Your goal:
Your output should be exactly the lines from the one containing "盈利能力方面, 2025年前" through the final line of the following data, please, with no pictures.

The data:
————
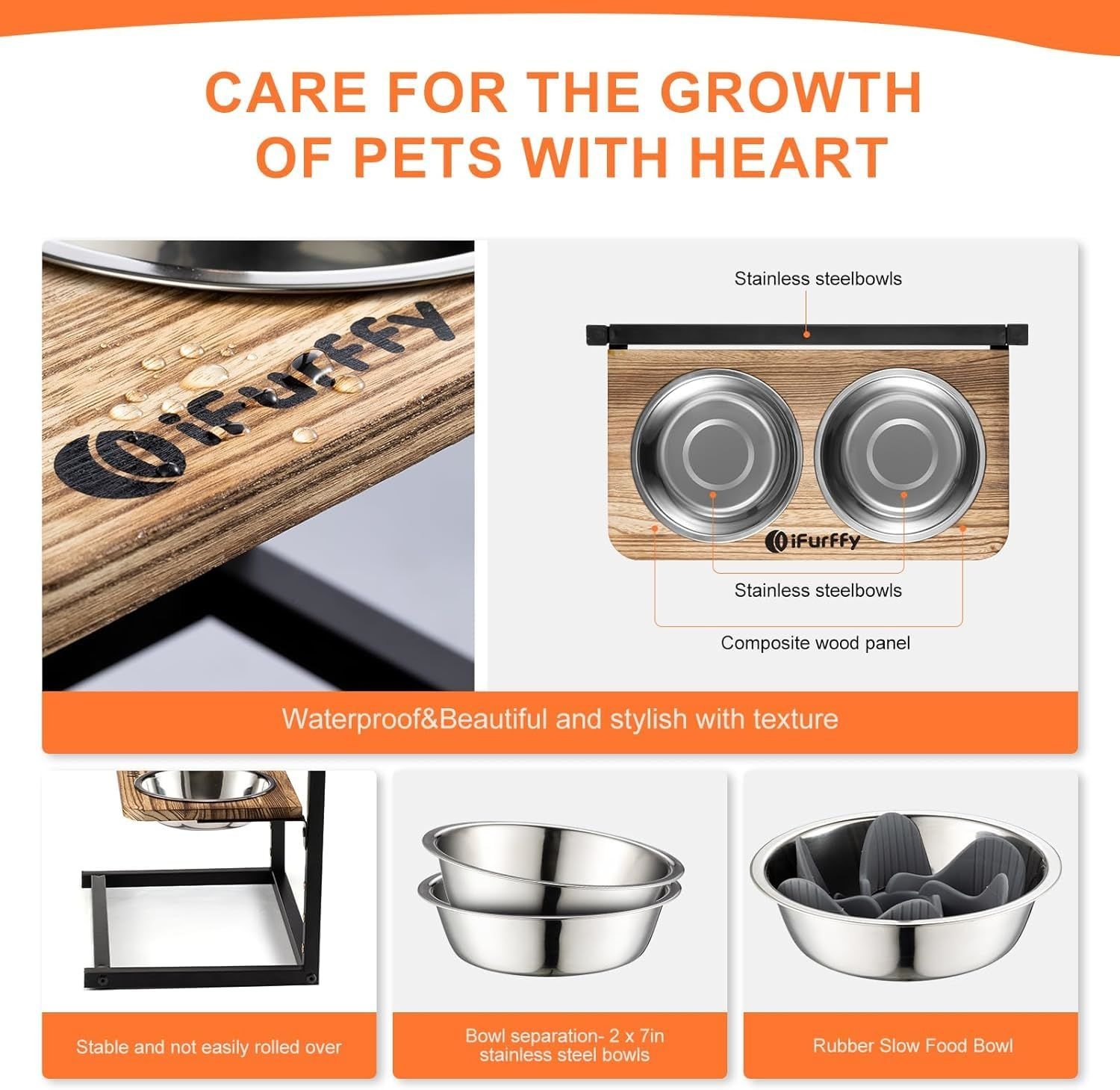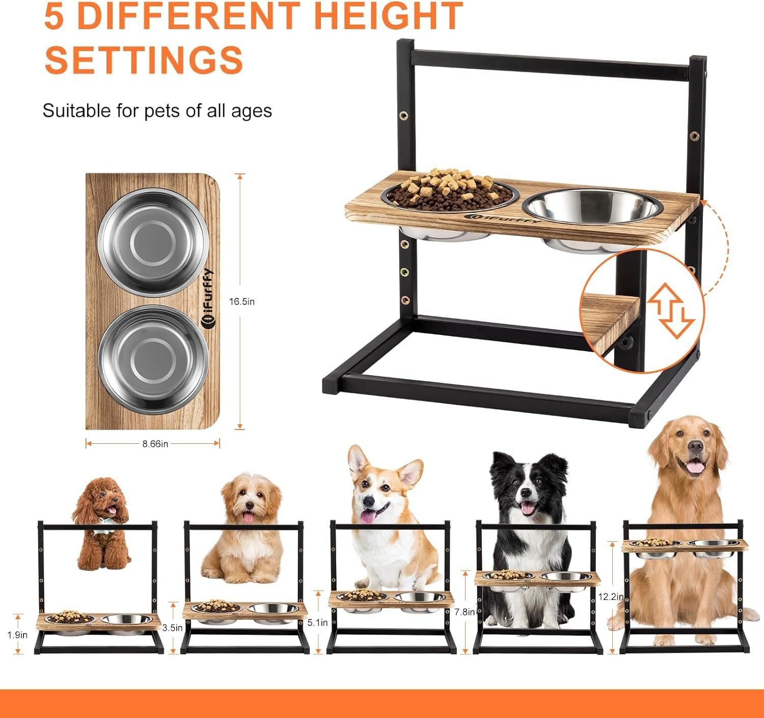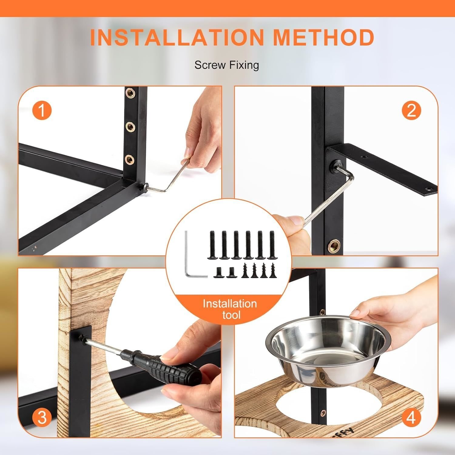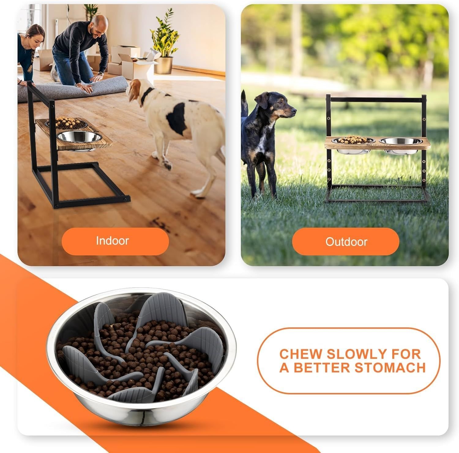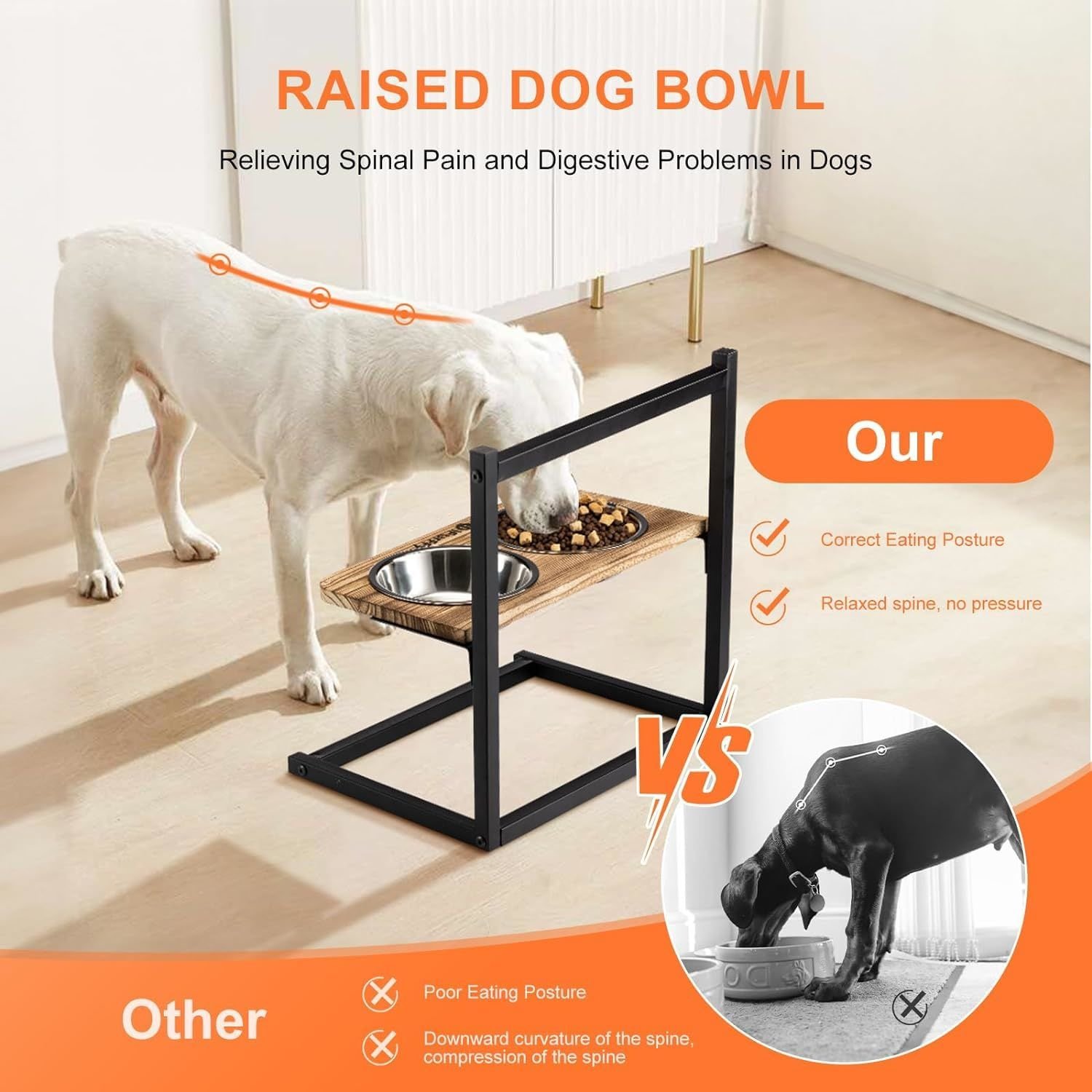 Taking care of your pet's spinal health starts with the details Adjustable-5 adjustable heights to meet the height needs of animals of all sizes. Can be used from the pet's young age to old age. Stainless Steel Bowls-2 Removable and washable stainless steel bowls to hold any kind of food, additional slow food bowls to train your pet to chew slowly. Separate-Easy to dismantle, easy to clean, rust-resistant graphic layer to maintain aesthetics, dog bowls can be changed as needed to create a unique elevated dog bowl. Stable-Strong and stable, won't roll over. It's time to replace your plush friend's bowl. Non-adjustable,uncomfortable eating height-Prolonged use can compress the spine and cause discomfort. Non-removable,difficult to clean-Standing water can enter the interior the dog bowl through the seams, creating odours and stains over time. Requires applicable tool and complex installation-Cumbersome installation affects the experience. No anti-rust coating,unattractive-Easy to rust, affecting the aesthetics. 5 ADJUSTABLE HEIGHT DETAILS SHOW EASY INSTALLATION Installation completed in 4 sections Assemble the base with the Lbracket Fix the bracket Install the bowl holder Put on the bowl
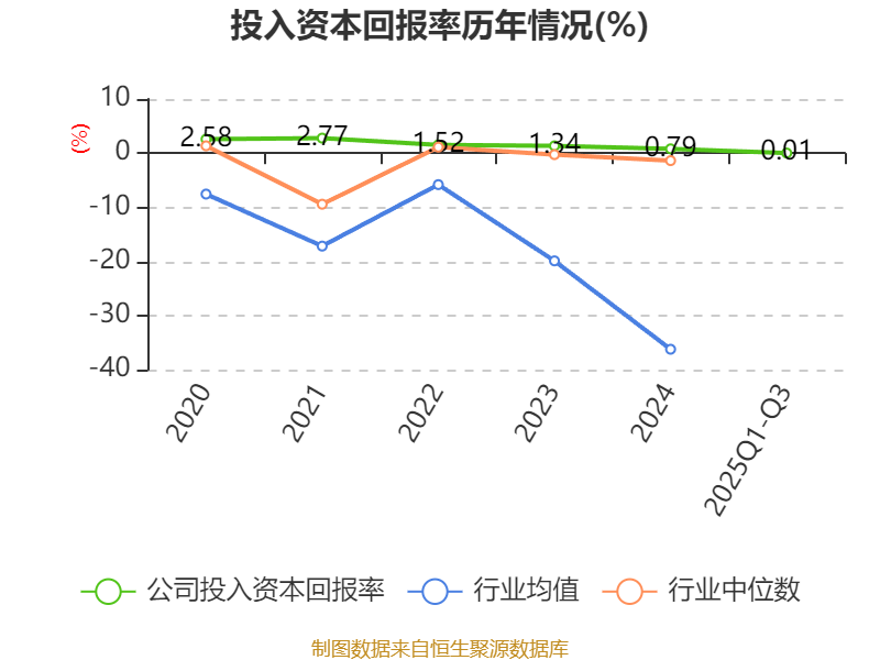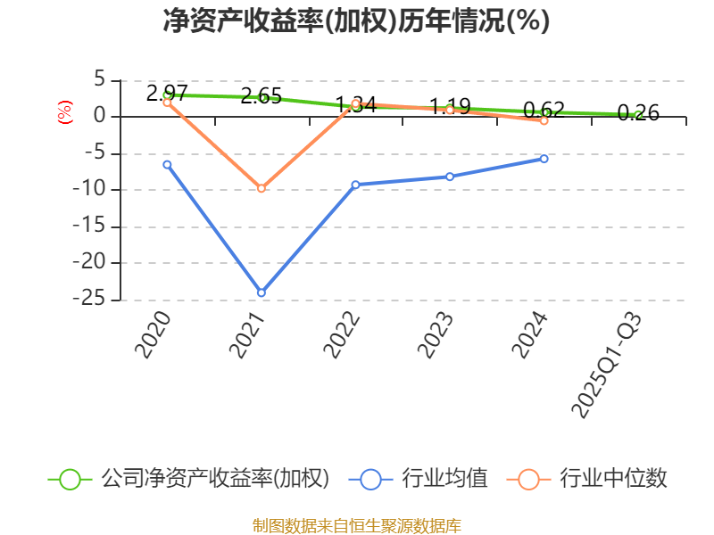 盈利能力方面, 2025年前三季度公司加权平均净资产收益率为0.26%,同比下降0.14个百分点。公司2025年前三季度投入资本回报率为0.01%,较上年同期下降0.31个百分点。
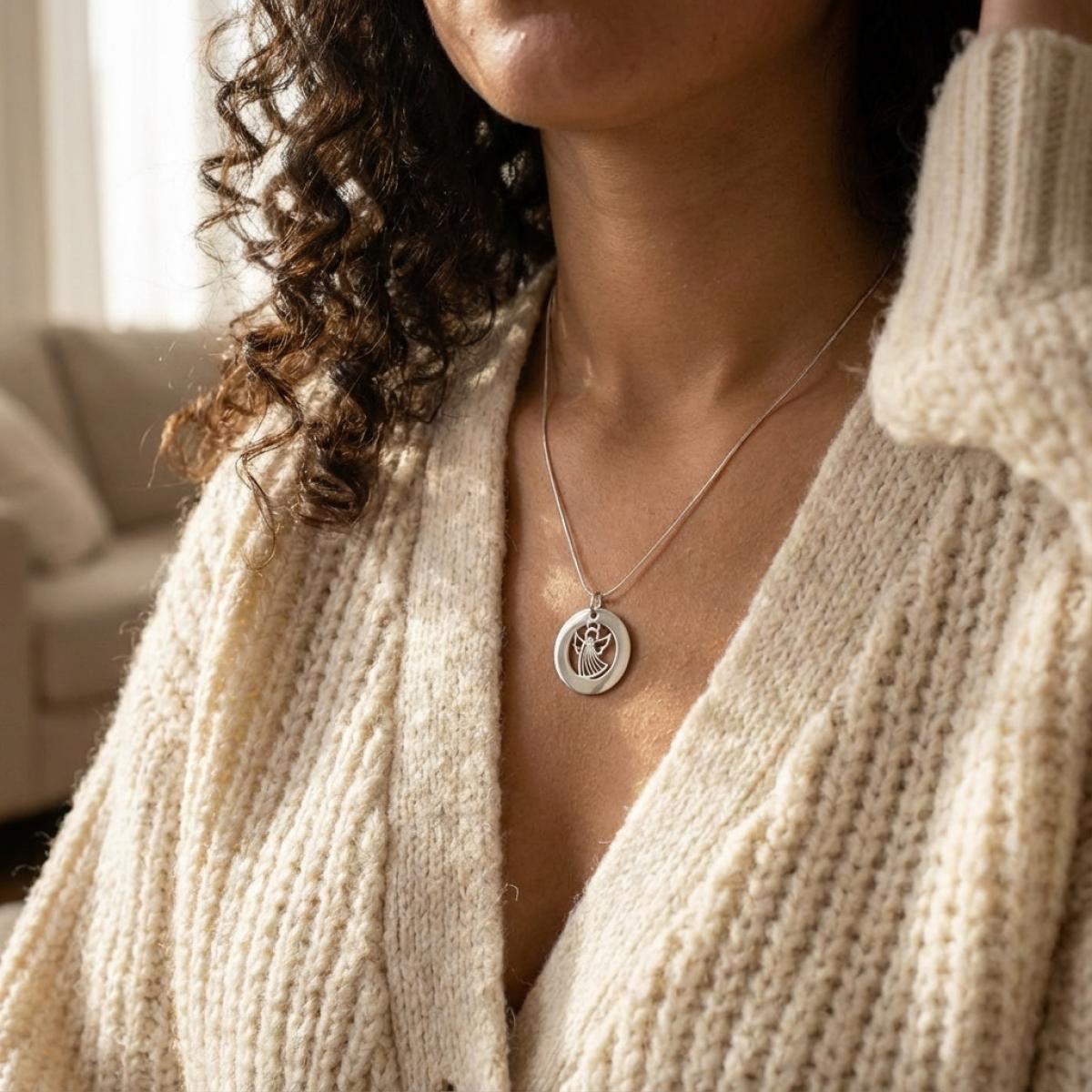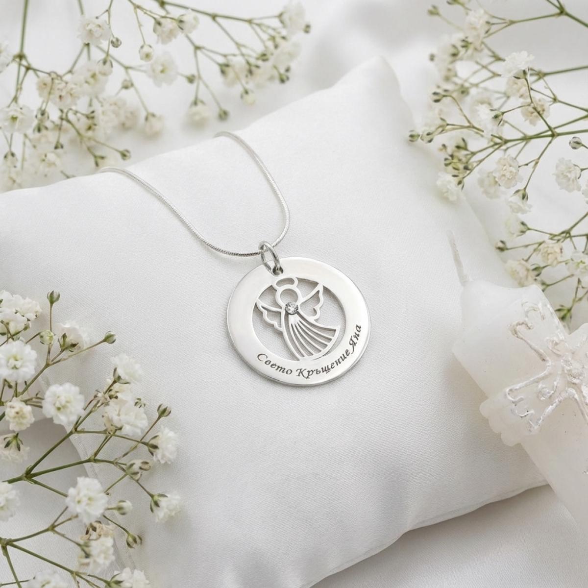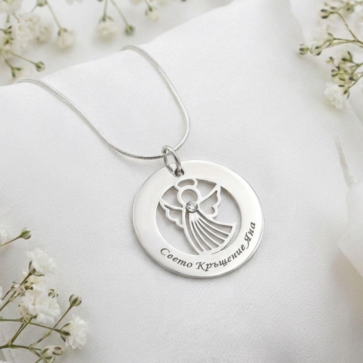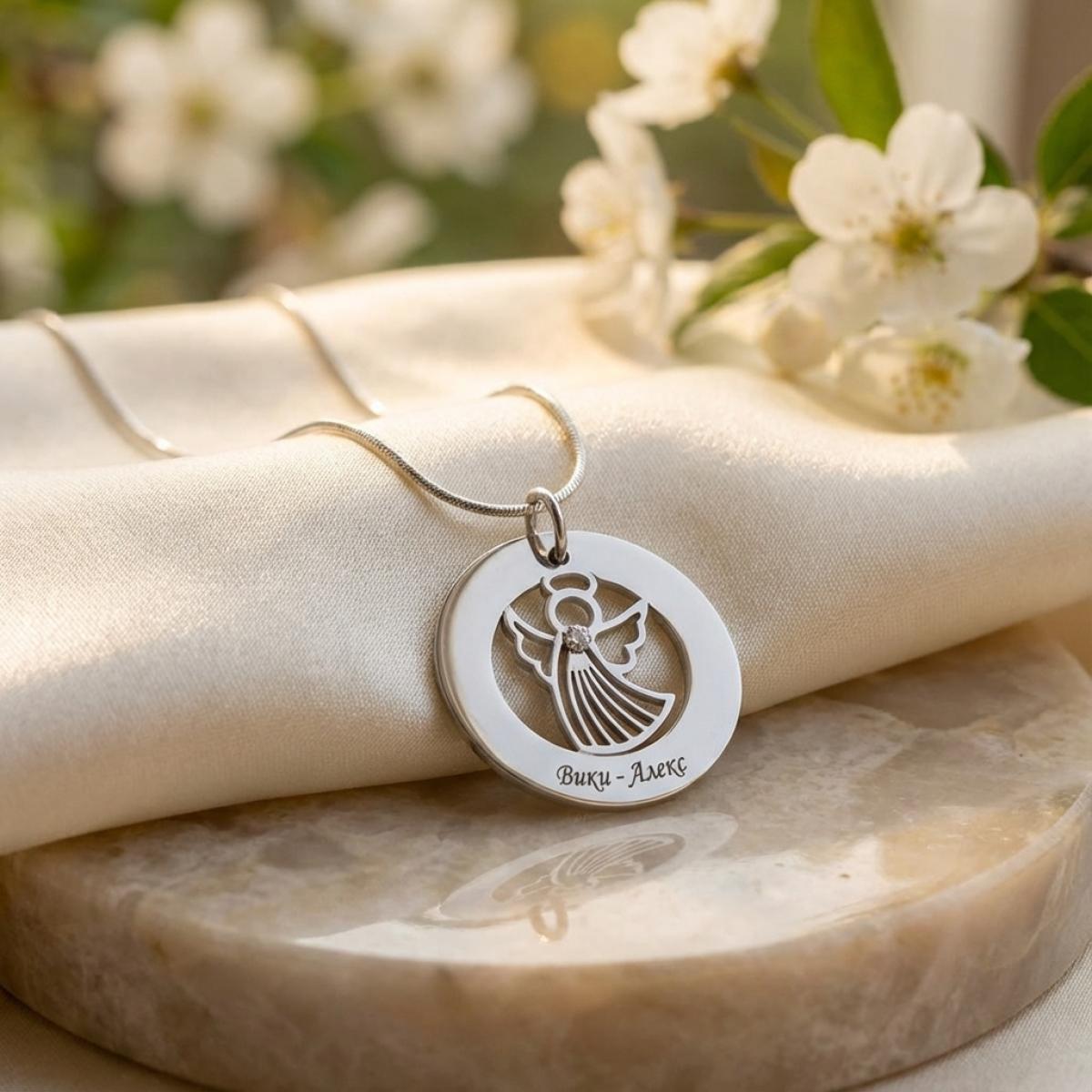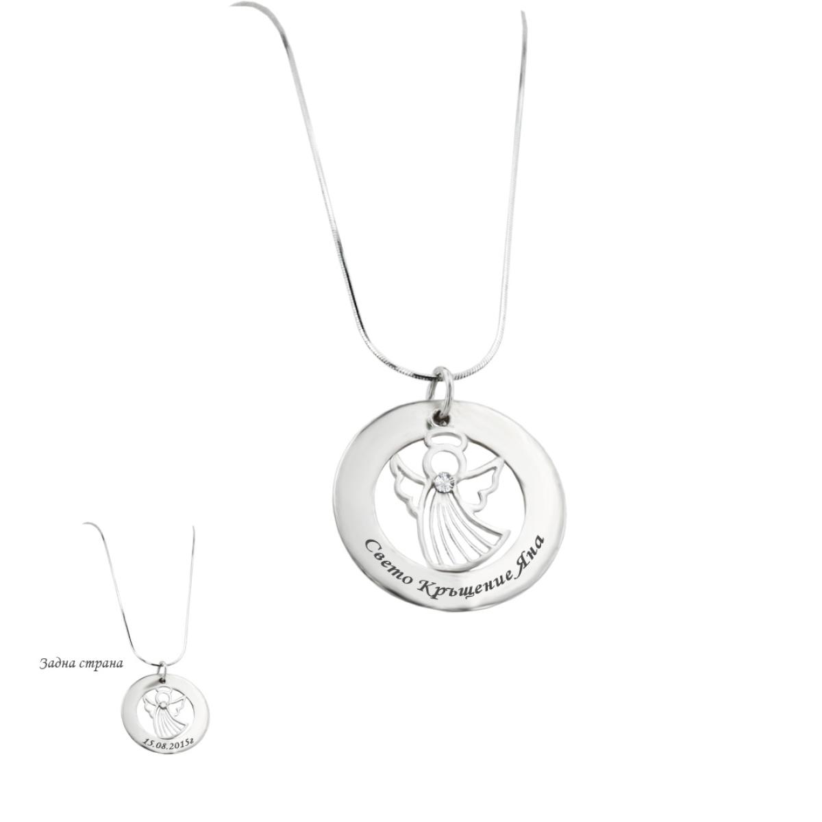 Сребърно колие Ангел с диск и гравирано послание
————
Expected answer:
 盈利能力方面, 2025年前三季度公司加权平均净资产收益率为0.26%,同比下降0.14个百分点。公司2025年前三季度投入资本回报率为0.01%,较上年同期下降0.31个百分点。
 Сребърно колие Ангел с диск и гравирано послание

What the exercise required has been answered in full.